Task prompt
The goal is to restate all of the records below word for word.

Available records
━━━━━━━━━━━━━━━━

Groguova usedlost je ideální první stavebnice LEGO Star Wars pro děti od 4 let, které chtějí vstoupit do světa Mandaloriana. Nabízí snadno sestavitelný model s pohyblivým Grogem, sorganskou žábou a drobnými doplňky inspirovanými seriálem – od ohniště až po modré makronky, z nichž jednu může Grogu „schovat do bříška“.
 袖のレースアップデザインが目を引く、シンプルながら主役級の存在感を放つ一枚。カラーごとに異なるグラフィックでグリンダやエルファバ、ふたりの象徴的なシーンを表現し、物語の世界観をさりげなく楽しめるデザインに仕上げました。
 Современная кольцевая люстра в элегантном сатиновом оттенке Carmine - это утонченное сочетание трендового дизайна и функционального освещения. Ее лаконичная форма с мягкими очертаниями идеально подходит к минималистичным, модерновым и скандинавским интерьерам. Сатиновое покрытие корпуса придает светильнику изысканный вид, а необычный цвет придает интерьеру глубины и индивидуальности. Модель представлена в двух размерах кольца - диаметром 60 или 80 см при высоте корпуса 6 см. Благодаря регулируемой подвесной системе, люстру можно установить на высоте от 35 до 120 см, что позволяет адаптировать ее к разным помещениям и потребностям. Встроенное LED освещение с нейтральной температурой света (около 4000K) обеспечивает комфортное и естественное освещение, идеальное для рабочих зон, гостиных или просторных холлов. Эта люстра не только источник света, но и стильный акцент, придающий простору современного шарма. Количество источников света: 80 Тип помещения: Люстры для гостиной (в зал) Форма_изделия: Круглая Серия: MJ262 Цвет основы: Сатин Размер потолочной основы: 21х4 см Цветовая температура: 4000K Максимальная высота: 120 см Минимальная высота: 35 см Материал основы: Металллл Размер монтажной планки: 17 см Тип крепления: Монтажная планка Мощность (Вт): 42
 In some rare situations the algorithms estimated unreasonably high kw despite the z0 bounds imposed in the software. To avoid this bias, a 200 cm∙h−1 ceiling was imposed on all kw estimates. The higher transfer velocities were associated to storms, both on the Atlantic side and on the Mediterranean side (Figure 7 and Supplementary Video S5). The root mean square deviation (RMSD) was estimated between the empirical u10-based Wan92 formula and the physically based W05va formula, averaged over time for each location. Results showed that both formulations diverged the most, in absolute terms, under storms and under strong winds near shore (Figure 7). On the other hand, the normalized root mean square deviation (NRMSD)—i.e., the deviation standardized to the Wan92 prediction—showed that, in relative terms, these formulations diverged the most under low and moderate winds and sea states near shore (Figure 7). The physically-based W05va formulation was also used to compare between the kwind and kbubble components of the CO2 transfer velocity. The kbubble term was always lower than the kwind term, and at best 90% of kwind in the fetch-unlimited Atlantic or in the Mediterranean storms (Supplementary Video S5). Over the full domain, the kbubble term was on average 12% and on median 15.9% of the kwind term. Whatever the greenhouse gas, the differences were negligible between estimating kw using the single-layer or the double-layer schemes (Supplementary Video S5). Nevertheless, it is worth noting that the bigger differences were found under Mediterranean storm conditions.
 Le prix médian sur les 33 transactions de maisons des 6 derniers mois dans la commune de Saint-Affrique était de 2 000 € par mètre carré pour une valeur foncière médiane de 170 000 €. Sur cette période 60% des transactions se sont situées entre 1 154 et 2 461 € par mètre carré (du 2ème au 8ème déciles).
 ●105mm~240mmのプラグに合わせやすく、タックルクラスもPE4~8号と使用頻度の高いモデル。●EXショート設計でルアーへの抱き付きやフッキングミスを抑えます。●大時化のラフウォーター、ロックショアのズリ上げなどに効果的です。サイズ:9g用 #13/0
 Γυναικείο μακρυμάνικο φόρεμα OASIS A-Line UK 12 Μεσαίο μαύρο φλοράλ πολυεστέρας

━━━━━━━━━━━━━━━━

Answer to the exercise
Groguova usedlost je ideální první stavebnice LEGO Star Wars pro děti od 4 let, které chtějí vstoupit do světa Mandaloriana. Nabízí snadno sestavitelný model s pohyblivým Grogem, sorganskou žábou a drobnými doplňky inspirovanými seriálem – od ohniště až po modré makronky, z nichž jednu může Grogu „schovat do bříška“.
 袖のレースアップデザインが目を引く、シンプルながら主役級の存在感を放つ一枚。カラーごとに異なるグラフィックでグリンダやエルファバ、ふたりの象徴的なシーンを表現し、物語の世界観をさりげなく楽しめるデザインに仕上げました。
 Современная кольцевая люстра в элегантном сатиновом оттенке Carmine - это утонченное сочетание трендового дизайна и функционального освещения. Ее лаконичная форма с мягкими очертаниями идеально подходит к минималистичным, модерновым и скандинавским интерьерам. Сатиновое покрытие корпуса придает светильнику изысканный вид, а необычный цвет придает интерьеру глубины и индивидуальности. Модель представлена в двух размерах кольца - диаметром 60 или 80 см при высоте корпуса 6 см. Благодаря регулируемой подвесной системе, люстру можно установить на высоте от 35 до 120 см, что позволяет адаптировать ее к разным помещениям и потребностям. Встроенное LED освещение с нейтральной температурой света (около 4000K) обеспечивает комфортное и естественное освещение, идеальное для рабочих зон, гостиных или просторных холлов. Эта люстра не только источник света, но и стильный акцент, придающий простору современного шарма. Количество источников света: 80 Тип помещения: Люстры для гостиной (в зал) Форма_изделия: Круглая Серия: MJ262 Цвет основы: Сатин Размер потолочной основы: 21х4 см Цветовая температура: 4000K Максимальная высота: 120 см Минимальная высота: 35 см Материал основы: Металллл Размер монтажной планки: 17 см Тип крепления: Монтажная планка Мощность (Вт): 42
 In some rare situations the algorithms estimated unreasonably high kw despite the z0 bounds imposed in the software. To avoid this bias, a 200 cm∙h−1 ceiling was imposed on all kw estimates. The higher transfer velocities were associated to storms, both on the Atlantic side and on the Mediterranean side (Figure 7 and Supplementary Video S5). The root mean square deviation (RMSD) was estimated between the empirical u10-based Wan92 formula and the physically based W05va formula, averaged over time for each location. Results showed that both formulations diverged the most, in absolute terms, under storms and under strong winds near shore (Figure 7). On the other hand, the normalized root mean square deviation (NRMSD)—i.e., the deviation standardized to the Wan92 prediction—showed that, in relative terms, these formulations diverged the most under low and moderate winds and sea states near shore (Figure 7). The physically-based W05va formulation was also used to compare between the kwind and kbubble components of the CO2 transfer velocity. The kbubble term was always lower than the kwind term, and at best 90% of kwind in the fetch-unlimited Atlantic or in the Mediterranean storms (Supplementary Video S5). Over the full domain, the kbubble term was on average 12% and on median 15.9% of the kwind term. Whatever the greenhouse gas, the differences were negligible between estimating kw using the single-layer or the double-layer schemes (Supplementary Video S5). Nevertheless, it is worth noting that the bigger differences were found under Mediterranean storm conditions.
 Le prix médian sur les 33 transactions de maisons des 6 derniers mois dans la commune de Saint-Affrique était de 2 000 € par mètre carré pour une valeur foncière médiane de 170 000 €. Sur cette période 60% des transactions se sont situées entre 1 154 et 2 461 € par mètre carré (du 2ème au 8ème déciles).
 ●105mm~240mmのプラグに合わせやすく、タックルクラスもPE4~8号と使用頻度の高いモデル。●EXショート設計でルアーへの抱き付きやフッキングミスを抑えます。●大時化のラフウォーター、ロックショアのズリ上げなどに効果的です。サイズ:9g用 #13/0
 Γυναικείο μακρυμάνικο φόρεμα OASIS A-Line UK 12 Μεσαίο μαύρο φλοράλ πολυεστέρας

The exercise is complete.